Joint Committee on The Draft Communications Bill Minutes of Evidence

Examination of Witness (Questions 500 - 502)



  500. What we have protected ourselves from in this country is the distortion of the political process by the horrendous cost of advertising on television that I believe has corrupted the American process and, therefore, when you suggest we get on this slope, I think it is a very slippery slope indeed.
  (Professor Barendt) I do not think it is as slippery as you imagine. I agree with your fear of the domination of politics by ultra rich, and maybe ultra right wing, groups but I think reasonable rules can be formulated to allow some political advertising. Remember, the price of advertising on radio would not be extortionate. I think one might distinguish here between radio and television.

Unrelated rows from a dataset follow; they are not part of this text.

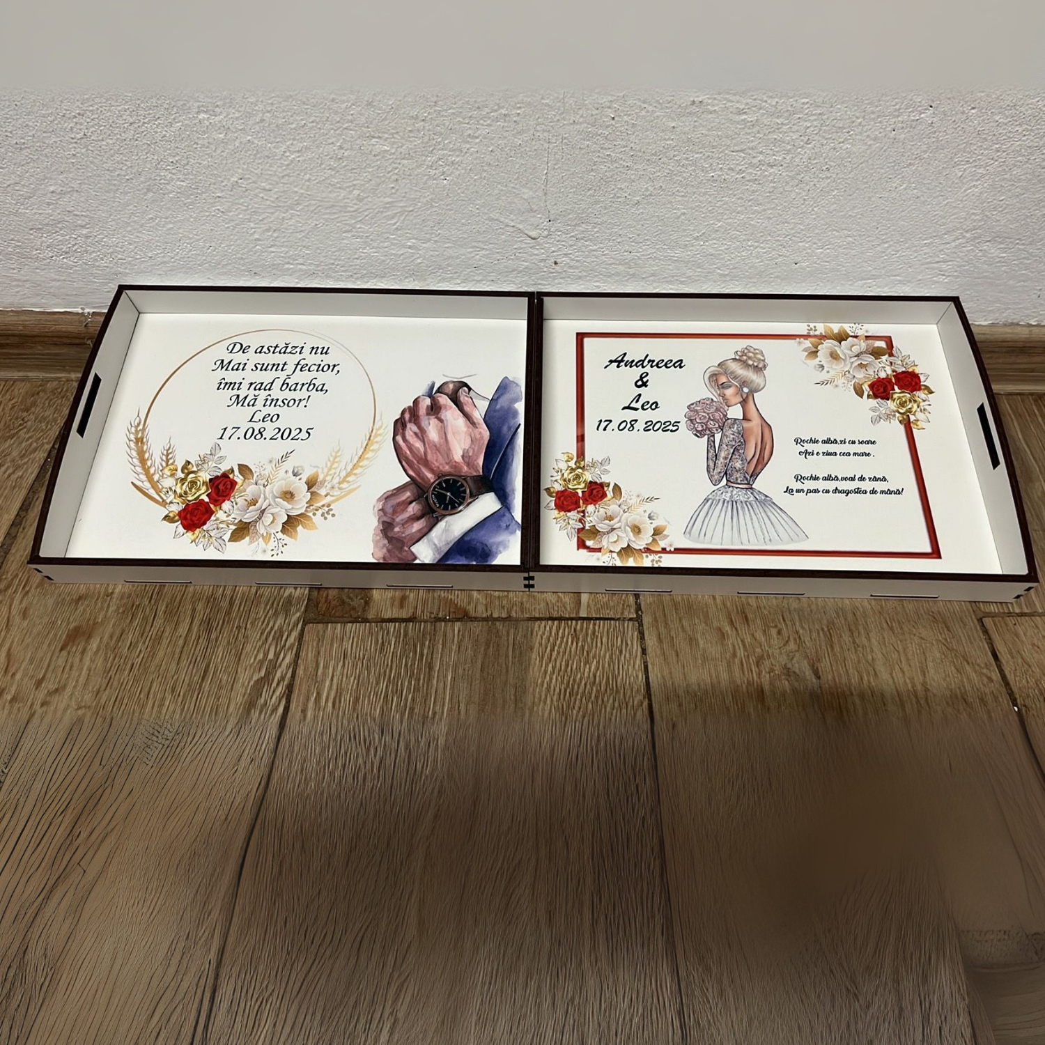 Această tavă decorativă personalizată, cu design floral romantic, este realizată cu atenție la detalii pentru a adăuga un plus de eleganță oricărei mirese/ oricarui mire. Fabricată din materiale de calitate, poate fi personalizată cu text la alegere.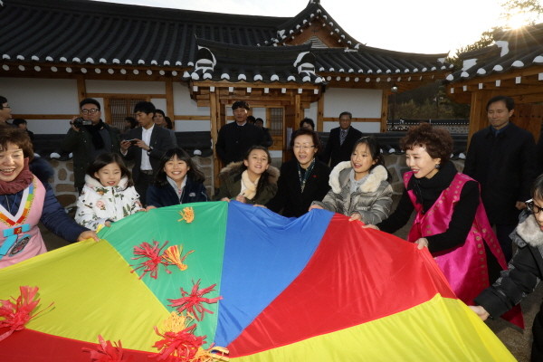 신연희 서울 강남구청장(가운데)이 지난 29일 오후 강남구 세곡동에서 열린 ‘못골 한옥 어린이도서관 개관식’에 참석해 자곡초등학교 학생들과 함께 전통놀이를 체험하고 있다.(사진제공=강남구청)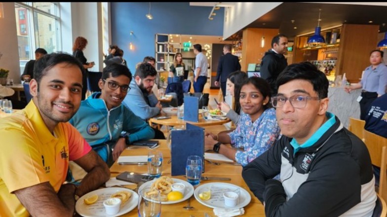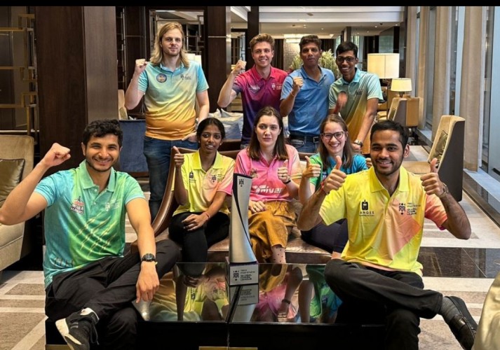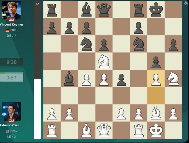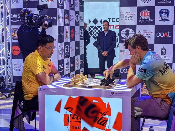 World no.1 @MagnusCarlsenmakes his way to the @AlpineSGPipersdugout, speaks with his trainer @PHChessNielsen. Just a few moments to go before their match against @GangesGMskicks off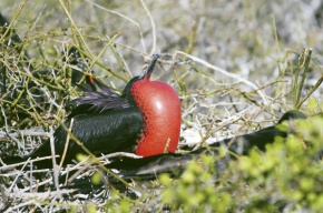 アメリカグンカンドリ 喉袋をパンパンに膨らませたオス。パンパンに膨らませた喉袋とこの美しい赤はメスにとっては魅力的に見えるのだろうエクアドル ガラパゴス諸島 2012年11月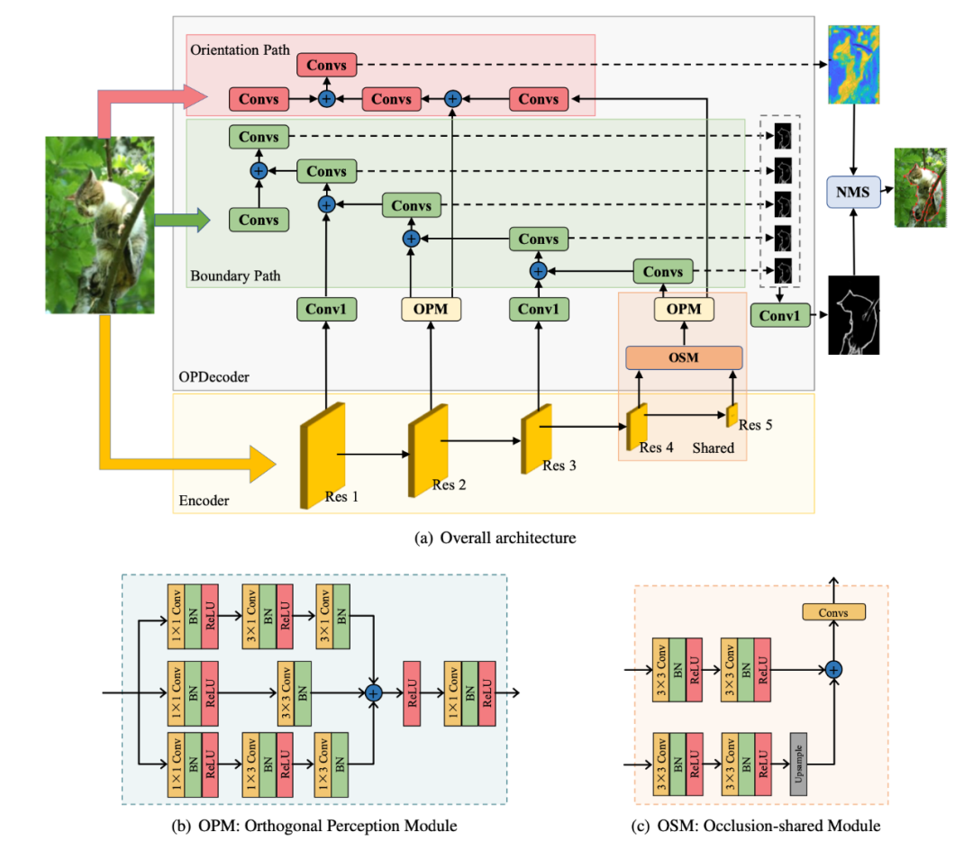上述方法在网络架构上采用了共享全部 encoder-decoder 的形式,使两个任务可以共享信息、相互促进。在预测遮挡方向时,直接使用逐像素角度值进行遮挡方向的指示,这方便了之后与边界结果的耦合。但是,这些方法在两任务的共享网络结构和遮挡方向的预测上还有不足。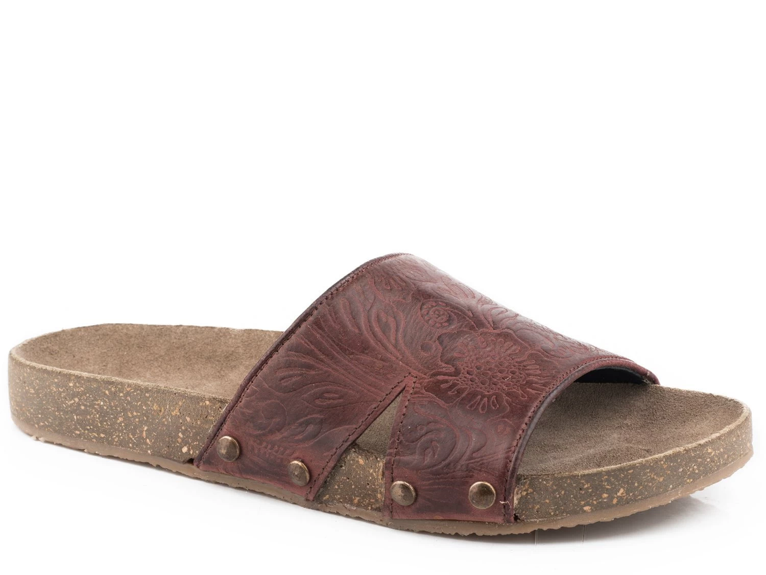 Roper Womens Brown Leather Destiny Slides Sandal Shoes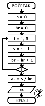 - ispisati izračunatu vrijednosti aritmetičke sredine (as)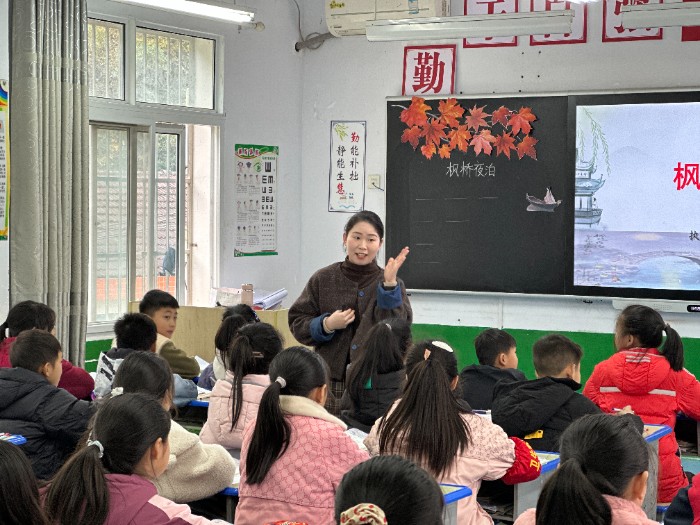 在課堂上,老師們大放異彩。兩河口鎮(zhèn)中心學(xué)校朱姣老師以精美的課件和生動(dòng)的語(yǔ)言,將課文《麻雀》一課講解得繪聲繪色,巧妙地引導(dǎo)學(xué)生深入理解文本內(nèi)容,孩子們積極回應(yīng),課堂氣氛熱烈。金牛小學(xué)劉娟老師則注重啟發(fā)學(xué)生的思維創(chuàng)造力,她的《搭船的鳥(niǎo)》從生活實(shí)例出發(fā),引導(dǎo)學(xué)生們觀察身邊的細(xì)節(jié),鼓勵(lì)學(xué)生們大膽表達(dá)自己的想法和感受。金牛小學(xué)周惠子老師講授《楓橋夜泊》時(shí),通過(guò)多媒體展示優(yōu)美畫(huà)面,將學(xué)生帶入詩(shī)歌意境,聲情并茂地朗誦感染了在場(chǎng)所有人,引導(dǎo)學(xué)生高效理解詩(shī)意。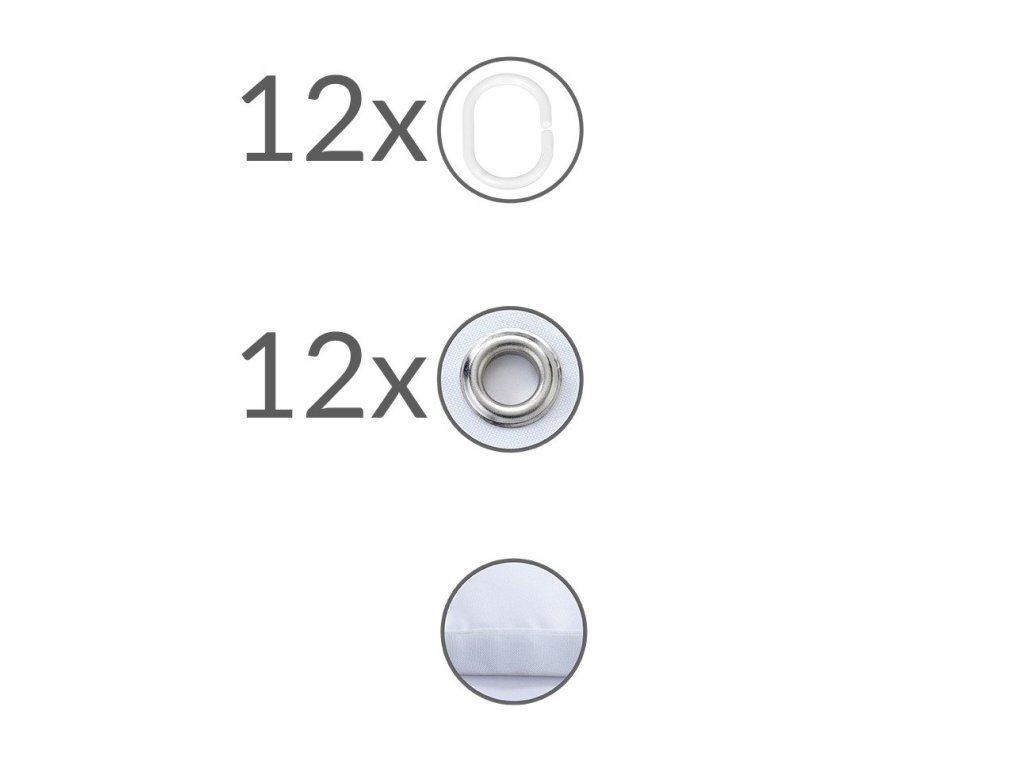 - je vybaven 12 plastovými kroužky pro zavěšení a gumovým páskem na spodní straně pro zatížení,

  Chairman: Lastly, Lord Pilkington?

Lord Pilkington of Oxenford

  501. I feel like a student in a seminar at Cambridge forty years ago in this situation! It is a soft ball to you, Professor. You have expressed concerns about the Secretary of State having powers to avoid mentioning a particular matter in broadcasting, a sort of reserve power. Would you want, which I am sure you would if the use of any direction like this would stop something being broadcast, to have some form of Parliamentary scrutiny?
  (Professor Barendt) I certainly would. I would have thought that was the very minimum. I would much prefer that it was confined to national security or public safety grounds. What I think the Committee should urge the government to do is to think again about a power which the last time it was used, as I think we all know, was the so-called broadcasting ban on the supporters of terrorist organisations in Northern Ireland. I am afraid that was regarded as widely wrong and it was withdrawn by the government two or three years later; it served no apparent purpose and it was, in my view, a clear infringement of freedom of expression which should not be countenanced in a liberal society.

  502. Could I again say how very grateful I am—I cannot speak for the Committee—for your eloquence and expertise but could you write some of it down for our feeble legislative minds?
  (Professor Barendt) You are far too modest.

  Chairman: It is our way of getting very inexpensive advice! Thank you, Professor.